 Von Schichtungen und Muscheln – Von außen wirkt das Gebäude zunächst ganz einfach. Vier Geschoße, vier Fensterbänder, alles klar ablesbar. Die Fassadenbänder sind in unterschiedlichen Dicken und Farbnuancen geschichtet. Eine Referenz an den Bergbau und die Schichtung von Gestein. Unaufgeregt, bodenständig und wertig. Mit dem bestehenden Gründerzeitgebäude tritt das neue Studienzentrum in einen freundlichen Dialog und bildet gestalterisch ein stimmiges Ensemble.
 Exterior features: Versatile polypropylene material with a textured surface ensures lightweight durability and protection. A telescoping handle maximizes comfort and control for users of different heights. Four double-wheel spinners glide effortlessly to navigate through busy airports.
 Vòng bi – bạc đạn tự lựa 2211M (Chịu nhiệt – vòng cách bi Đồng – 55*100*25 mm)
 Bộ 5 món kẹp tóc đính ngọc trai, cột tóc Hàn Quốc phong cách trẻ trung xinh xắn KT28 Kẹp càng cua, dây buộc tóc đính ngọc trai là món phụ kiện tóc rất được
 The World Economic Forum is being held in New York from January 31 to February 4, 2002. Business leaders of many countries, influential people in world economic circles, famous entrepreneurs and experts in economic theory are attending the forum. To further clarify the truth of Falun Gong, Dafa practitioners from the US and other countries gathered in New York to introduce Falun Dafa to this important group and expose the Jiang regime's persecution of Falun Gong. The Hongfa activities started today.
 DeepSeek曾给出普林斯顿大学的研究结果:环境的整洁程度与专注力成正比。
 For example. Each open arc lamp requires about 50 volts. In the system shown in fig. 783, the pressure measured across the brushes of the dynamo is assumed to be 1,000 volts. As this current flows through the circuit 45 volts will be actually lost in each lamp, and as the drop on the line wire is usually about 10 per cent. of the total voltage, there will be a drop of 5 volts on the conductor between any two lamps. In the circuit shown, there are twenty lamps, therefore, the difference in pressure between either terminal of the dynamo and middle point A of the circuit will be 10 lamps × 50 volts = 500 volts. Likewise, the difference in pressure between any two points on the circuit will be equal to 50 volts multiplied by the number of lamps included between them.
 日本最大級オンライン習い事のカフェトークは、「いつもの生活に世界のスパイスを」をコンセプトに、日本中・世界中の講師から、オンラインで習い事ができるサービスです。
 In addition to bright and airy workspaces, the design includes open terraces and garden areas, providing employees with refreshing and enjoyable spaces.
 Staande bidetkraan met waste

--

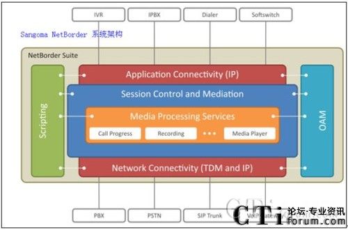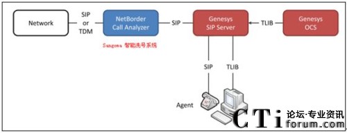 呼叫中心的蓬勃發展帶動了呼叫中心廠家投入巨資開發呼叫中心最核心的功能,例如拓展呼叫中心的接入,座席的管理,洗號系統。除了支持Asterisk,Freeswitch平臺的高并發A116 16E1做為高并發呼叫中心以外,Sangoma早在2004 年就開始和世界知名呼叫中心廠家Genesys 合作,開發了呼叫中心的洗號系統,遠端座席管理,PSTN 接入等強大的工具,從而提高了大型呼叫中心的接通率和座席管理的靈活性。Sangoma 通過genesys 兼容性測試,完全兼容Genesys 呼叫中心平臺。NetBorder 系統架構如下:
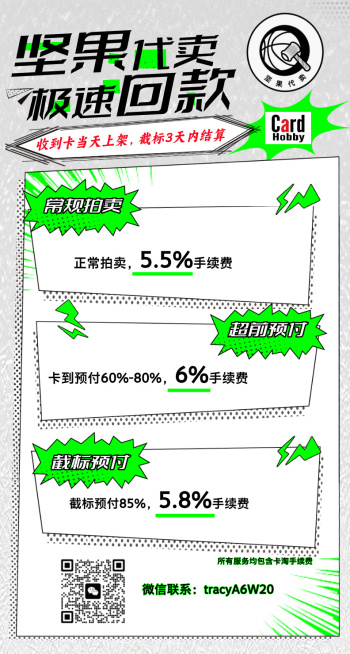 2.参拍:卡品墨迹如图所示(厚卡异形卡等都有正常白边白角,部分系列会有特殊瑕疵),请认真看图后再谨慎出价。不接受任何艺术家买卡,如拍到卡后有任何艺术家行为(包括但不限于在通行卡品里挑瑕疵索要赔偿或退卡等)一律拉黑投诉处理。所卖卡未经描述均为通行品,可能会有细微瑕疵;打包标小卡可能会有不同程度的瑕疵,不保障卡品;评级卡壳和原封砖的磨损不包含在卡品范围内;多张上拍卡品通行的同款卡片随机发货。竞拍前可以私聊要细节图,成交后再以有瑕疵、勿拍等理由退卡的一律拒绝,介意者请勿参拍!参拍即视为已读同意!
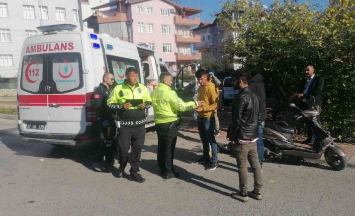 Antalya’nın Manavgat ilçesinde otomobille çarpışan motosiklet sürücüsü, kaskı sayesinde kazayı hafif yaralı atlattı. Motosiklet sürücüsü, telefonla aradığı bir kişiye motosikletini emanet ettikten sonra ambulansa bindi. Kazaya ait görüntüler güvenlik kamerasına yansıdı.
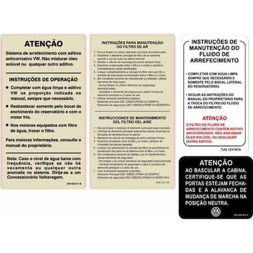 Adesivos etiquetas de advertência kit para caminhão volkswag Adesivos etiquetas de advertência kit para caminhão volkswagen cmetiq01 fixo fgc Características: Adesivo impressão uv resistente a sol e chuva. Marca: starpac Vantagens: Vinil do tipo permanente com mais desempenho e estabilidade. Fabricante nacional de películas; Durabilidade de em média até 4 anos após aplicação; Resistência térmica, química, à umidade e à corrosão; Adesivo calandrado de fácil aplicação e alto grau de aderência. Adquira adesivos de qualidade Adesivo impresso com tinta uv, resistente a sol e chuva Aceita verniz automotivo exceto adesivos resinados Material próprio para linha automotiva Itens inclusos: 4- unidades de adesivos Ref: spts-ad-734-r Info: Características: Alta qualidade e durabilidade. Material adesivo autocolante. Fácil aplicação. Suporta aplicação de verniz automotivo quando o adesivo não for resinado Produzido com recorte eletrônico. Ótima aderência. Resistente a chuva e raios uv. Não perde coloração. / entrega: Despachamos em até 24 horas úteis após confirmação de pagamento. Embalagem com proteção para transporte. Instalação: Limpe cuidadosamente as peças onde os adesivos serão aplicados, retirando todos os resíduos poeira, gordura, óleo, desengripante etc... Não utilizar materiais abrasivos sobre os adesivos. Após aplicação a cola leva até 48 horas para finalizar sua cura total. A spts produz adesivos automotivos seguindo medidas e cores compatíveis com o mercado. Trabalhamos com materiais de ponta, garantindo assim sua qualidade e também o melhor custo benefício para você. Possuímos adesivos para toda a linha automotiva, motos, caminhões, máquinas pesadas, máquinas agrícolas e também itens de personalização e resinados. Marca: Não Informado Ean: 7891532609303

...

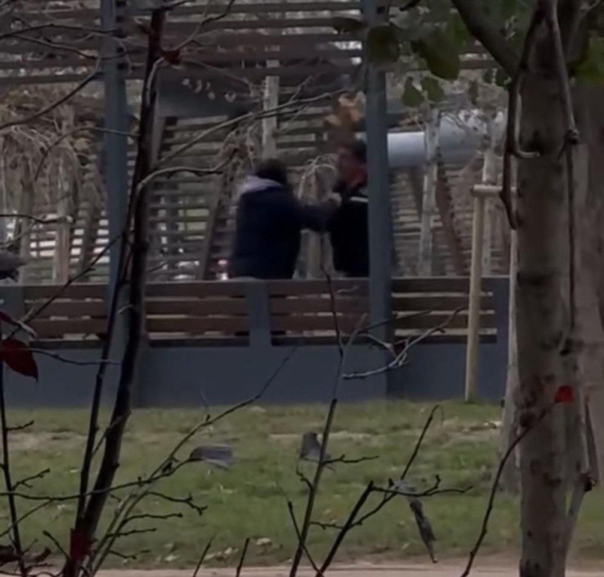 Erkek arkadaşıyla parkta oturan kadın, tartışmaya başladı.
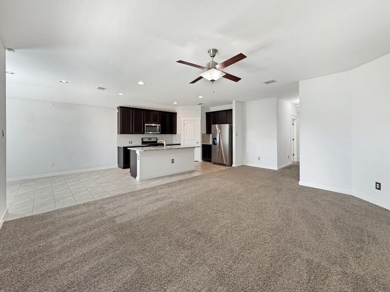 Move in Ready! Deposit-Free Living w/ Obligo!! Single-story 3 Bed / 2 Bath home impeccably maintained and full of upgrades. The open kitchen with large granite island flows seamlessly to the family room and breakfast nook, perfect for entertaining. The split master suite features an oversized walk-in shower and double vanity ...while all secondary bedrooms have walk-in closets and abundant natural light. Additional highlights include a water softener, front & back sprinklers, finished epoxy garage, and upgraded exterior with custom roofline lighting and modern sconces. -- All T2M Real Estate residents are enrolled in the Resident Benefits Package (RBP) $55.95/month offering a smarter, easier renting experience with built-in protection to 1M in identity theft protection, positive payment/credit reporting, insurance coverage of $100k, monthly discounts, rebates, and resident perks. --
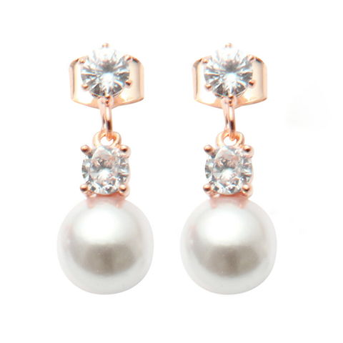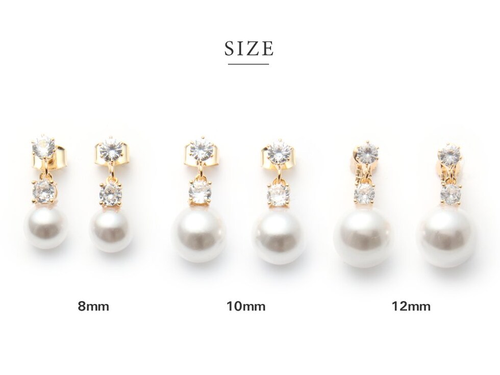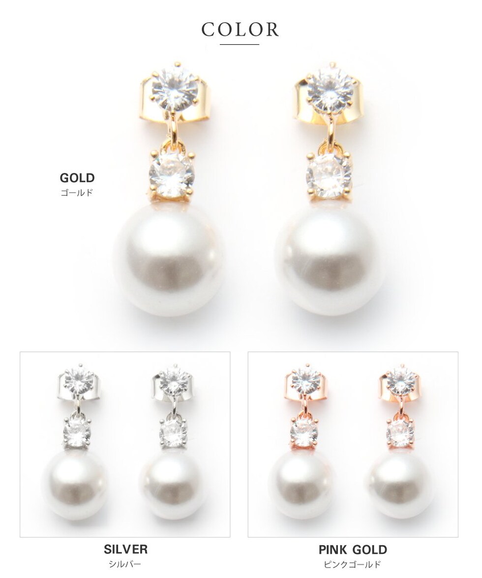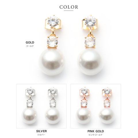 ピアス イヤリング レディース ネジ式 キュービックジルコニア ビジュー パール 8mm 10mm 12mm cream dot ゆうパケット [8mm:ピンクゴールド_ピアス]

§ Aim of the exercise:
Where a line of the material above holds the string "cách", copy that line.

§ Task output:
 Vòng bi – bạc đạn tự lựa 2211M (Chịu nhiệt – vòng cách bi Đồng – 55*100*25 mm)
 Bộ 5 món kẹp tóc đính ngọc trai, cột tóc Hàn Quốc phong cách trẻ trung xinh xắn KT28 Kẹp càng cua, dây buộc tóc đính ngọc trai là món phụ kiện tóc rất được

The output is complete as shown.